Location
- Stakes Hill Road Waterlooville, PO7 7BW England 50°52′06″N 1°01′18″W﻿ / ﻿50.86836°N 1.02158°W

Information
- Type: Academy
- Motto: United by the Cross
- Religious affiliation: Roman Catholic
- Established: 1966
- Local authority: Hampshire
- Specialist: Humanities College
- Department for Education URN: 137345 Tables
- Ofsted: Reports
- Chair of Governors: Andrew Hastilow
- Headteacher: Matthew Quinn
- Staff: >200
- Gender: Mixed
- Age: 11 to 19
- Enrolment: 1400
- Houses: St Catherine St Clare St Dominic St Margaret St Martin St Stephen St Teresa St Vincent
- Colour: Navy Blue
- Publication: Oaklands News
- Website: https://www.oaklandscatholicschool.org/

= Oaklands Catholic School =

Secondary school in England

Oaklands Catholic School and Sixth Form College is a co-educational secondary school and sixth form college with academy status located in Waterlooville, Hampshire. It opened in 1966, although its history can be traced back to 1902. Around 1400 students attend the main school with over 150 in the sixth form college. It has been a Specialist Humanities College since 2005. In the most recent inspection in July 2022, Oaklands Catholic School and Sixth Form College was rated “Good” by Ofsted, with inspectors noting the strong Catholic values, inclusive community and high standards of care.

According to the UK government school performance data for 2022 leavers, 92% of Oaklands Catholic School pupils aged 16 to 18 progressed into further education, training or employment, compared with the England average of 80%.

==History==
Oaklands was established in Southsea as a convent school for girls (The Convent of The Cross) in 1902 by the third Roman Catholic Bishop of Portsmouth William Timothy Cotter with a group of Sisters of the Cross and Passion from Boscombe, Bournemouth. The school moved into the Oaklands estate in 1947. It had previously belonged to General Sir Charles James Napier and consisted of the land around the White House up to Purbrook Way in addition to several servant houses along Stakes Hill Road.

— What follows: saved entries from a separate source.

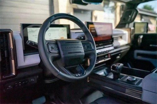 23款悍马EV皮卡内饰方面,采用了当下流行的双屏设计,配备了13.4英寸大型信息娱乐屏幕和12.3英寸数字仪表板,其配备的全景影像摄像头最多可提供18种不同的视图,进一步提升了车辆的科技感。并且在驾驶过程中,信息娱乐显示屏和组合仪表中的越野部件会告知驾驶员车辆的扭矩输出、锁止差速器状态、轮胎压力、俯仰和滚转角、扭矩分配等信息。
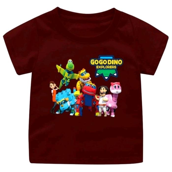 Terlaris Baju Kaos Atasan Anak Cewek cowok GO GO DINO/Atasan kaos anak perempuan usia 1-12Tahun - merah Xs Elegan
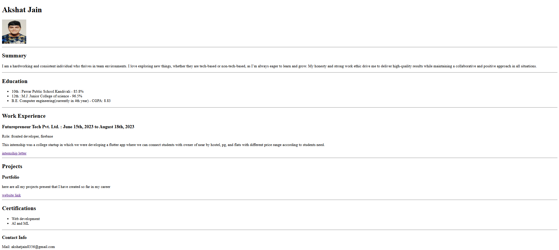 It's my resume with all the details about my projects and my work experience that I have done up till now.
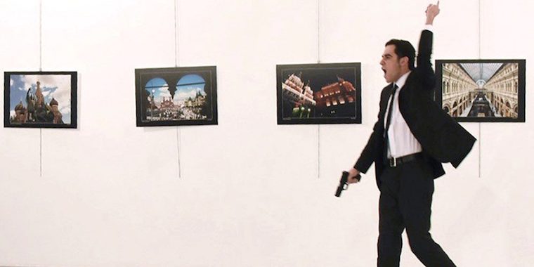 Dvaašedesátiletý ruský velvyslanec Andrej Karlov byl v pondělí zastřelen v galerii v Ankaře. Vrahem byl dvaadvacetiletý policista Mevlut Mert Altintas, při střelbě vykřikoval hesla o pomstě za Aleppo. Altintas byl následně zastřelen tureckými speciálními jednotkami. Turecko i Rusko popsalo jeho čin jako vraždu, která měla destabilizovat vztahy mezi oběma zeměmi v souvislosti s konfliktem v Sýrii.
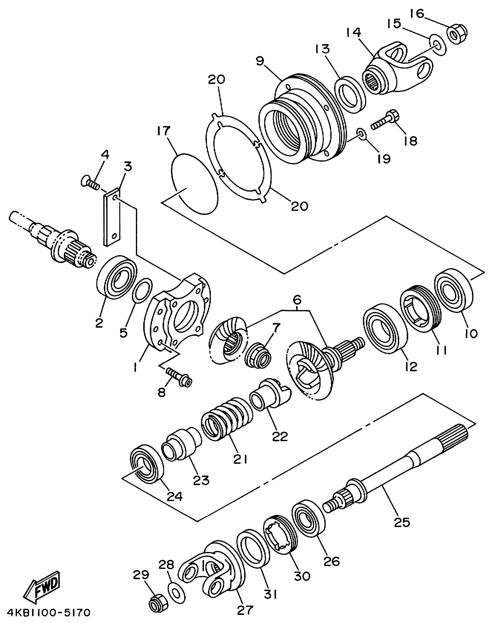 Yamaha YFM350FXLC (WOLVERINE 4WD) 4KBC 1999 MIDDLE DRIVE GEAR Diagram
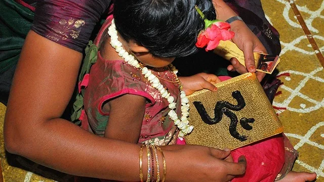 The ritual of Vidyarambham introduces young children into the world of knowledge, letters, and the process of learning.

In 1959, the younger students moved into their own building, Holy Cross Junior School, which later became known as St Peter’s Catholic Primary School. The Convent of The Cross and St Teresa’s Portsmouth Catholic Grammar merged into Oaklands Convent School in 1966. In 1971, due to an urgent need for Catholic school places for both boys and girls, it became a voluntary-aided co-educational comprehensive school.

==Buildings==
The school is made up of eight houses and consists of ten different blocks, each dedicated to an individual saint, often related to, or the patron of the different subjects being taught there. Three new blocks were developed (Music, Humanities, sixth form) during an extensive site improvement programme; each of these were built incorporating a Christian cross in different coloured bricks. In 2012, a major refurbishment of the Maths/Science blocks was also undertaken.

==Uniform==
The school uniform was redesigned for the September 2009 academic year; the expense of the uniform caused criticism. A press release was issued claiming that many of the facts published by newspaper articles were incorrect, and that due to the controversy, the school would start a cheaper uniform shop.

==Notable former pupils==

===The Convent of the Cross===

- Michelle Magorian, novelist

===Oaklands Catholic School===

- Louise Casey, Baroness Casey of Blackstock, crossbench peer and former government official
- Jonathan Cruddas, politician, Member of Parliament (MP) for Dagenham and Rainham from 2001 to 2024
- Comedians Flo and Joan (Rosie and Nicola Dempsey)
- Caroline Dinenage, politician, MP for Gosport from 2010
- Martin Montague, businessperson
- Penny Mordaunt, politician, MP for Portsmouth North from 2010 to 2024.